受診の目安:こんな症状があれば早めに医療機関へ
以下の症状が組み合わさって出現した場合、早めの受診をお勧めします。
- 片側の顔が動かしにくい(口角が下がる、目が閉じにくい)
- 耳の周りにピリピリした痛みや水ぶくれがある
- めまい、ふらつき、耳鳴り、聞こえにくさがある
- 片側の顔にしびれやピリピリ感がある
水疱が出る前の段階(前駆症状)では「なんとなく顔がピリピリする」「耳の奥が痛い」といった非特異的な症状のみのこともあります。
内科で見つけたら耳鼻咽喉科へ紹介します
ラムゼイハント症候群は、耳鼻咽喉科が診療の中心となる疾患です。
内科を受診された場合でも、顔面神経麻痺や耳介の水疱を認めた時点で、速やかに耳鼻咽喉科への紹介を行います。治療開始のタイミングが予後に影響するため、「様子を見ましょう」ではなく、早期の専門科受診が重要です。
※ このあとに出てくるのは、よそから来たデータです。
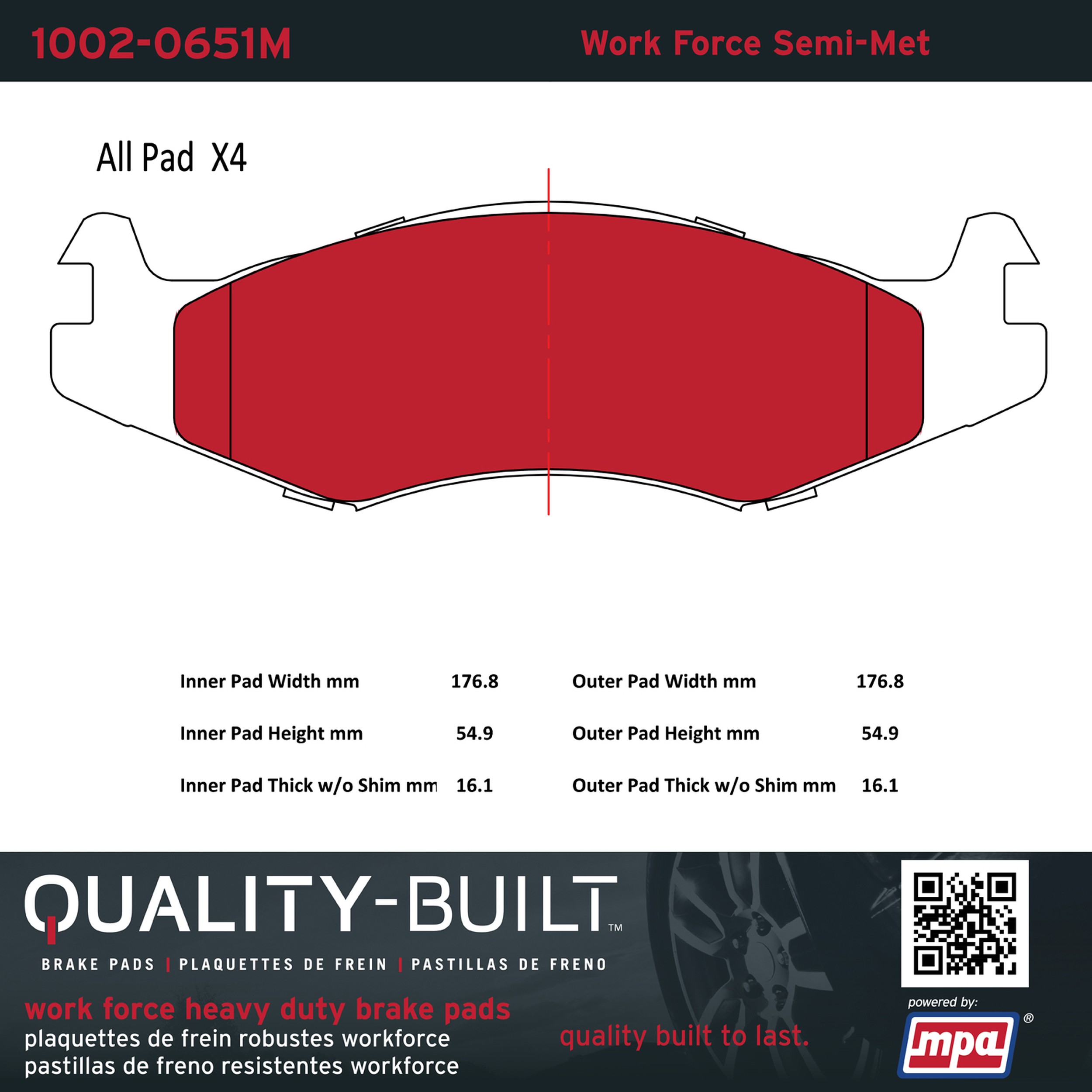 - Hardworking vehicles need hardworking brake pads, and Quality-Built Work force brake pads deliver every time. Specially formulated friction compounds are designed for high heat, heavy-duty use, where repeat stop situations, off-road driving, or towing push brake pads to the limits. Work force brake pads are an excellent choice for fleet use where extended service life and maximum durability are required.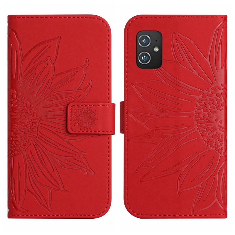 Funda de Cuero Flip para Asus Zenfone 8 ZS590KS con Cordón y Diseño Sun Flower (Rojo)
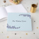 A lovely book for your wedding guests to sign. A light blue background with delicate branches of navy blue blossoms. On front and back.

帯状疱疹そのものは皮膚科の領域ですが、顔面神経麻痺やめまい・難聴を伴う場合は耳鼻咽喉科での評価が優先されます。
まとめ
- ラムゼイハント症候群は、水痘帯状疱疹ウイルスの再活性化で起こる疾患です
- 耳の水疱・顔面神経麻痺・めまいの三徴が特徴ですが、すべてが揃わないこともあります
- 顔面神経と内耳神経が解剖学的に近いため、「顔のピリピリ」と「めまい」が同時に出現します
- 発症早期の抗ウイルス薬投与が予後改善に重要とされています
- 内科で疑われた場合は、早期に耳鼻咽喉科へ紹介します
参考文献
- 日本顔面神経学会『顔面神経麻痺診療ガイドライン 2023年版』金原出版
- Murakami S, et al. Bell palsy and herpes simplex virus: identification of viral DNA in endoneurial fluid and muscle. Ann Intern Med. 1996;124(1 Pt 1):27-30.